Subsequent DNA tests on the tularemia being studied in the BU lab showed that the bacteria identified as coming from Nebraska contained the harmless strain and a highly infectious type.
"The deck was stacked against [the researchers] because they were working with something they had no idea they were working with," Moore said.
But Moore acknowledged that researchers in the lab had violated policies requiring them to work with tularemia inside an enclosed box, called a hood, that sends air through sophisticated filters.
Instead, the tularemia samples were sometimes worked with in the open, in part because the enclosed research boxes were sometimes filled with material that should not have been kept there, Moore said.
Blood tests were performed on about 60 university researchers, and those tests showed that only the three workers who had become ill tested positive for tularemia. After the exposure was determined, BU in November shuttered the lab for decontamination. The part of the lab where the tularemia research was conducted remains closed.
Eleven researchers were placed on paid leave in November, to ensure the integrity of the investigation, and six remain off the job.
The investigation into how the exposure happened continues. Samples of tularemia were sent directly from the Nebraska lab for CDC analysis, and those tests showed no presence of the dangerous strain, deepening the mystery around the episode.
"At this time it seems to me there's no evidence conclusively to link the contamination to Boston or to Nebraska," said Jennifer Morcone, a CDC spokeswoman. "Certainly, everyone would like to determine the source of the contamination to make ceratin nothing like this could happen again."
Infectious disease specialists at other universities said that BU appeared to have acted properly by notifying health agencies.
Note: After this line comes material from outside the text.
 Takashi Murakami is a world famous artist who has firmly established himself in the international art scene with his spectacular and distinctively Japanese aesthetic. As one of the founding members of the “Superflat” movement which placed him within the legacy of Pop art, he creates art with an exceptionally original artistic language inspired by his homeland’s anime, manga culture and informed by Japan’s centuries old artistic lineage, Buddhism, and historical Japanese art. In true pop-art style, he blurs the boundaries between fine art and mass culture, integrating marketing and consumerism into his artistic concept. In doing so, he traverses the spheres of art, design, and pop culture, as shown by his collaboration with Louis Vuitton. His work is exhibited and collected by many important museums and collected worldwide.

They also said that BU was not obligated to alert the public to the exposure of researchers.
"I don't know what the point would be of telling the public because there was no danger to the public," said Karl Klose, a professor of microbiology at the University of Texas at San Antonio
As a result of the exposures, BU as well as the Boston Public Health Commission are moving to tighten oversight of research. To improve safety in the dozens of public and private research labs in Boston, the Public Health Commission intends by this spring to start a mandatory training program for lab workers, emphasizing the reporting of illnesses in researchers. The commission also plans to hire a lab safety inspector who will make unannounced visits to research sites to make certain they are following safety protocols, said John Auerbach, Public Health Commission executive director.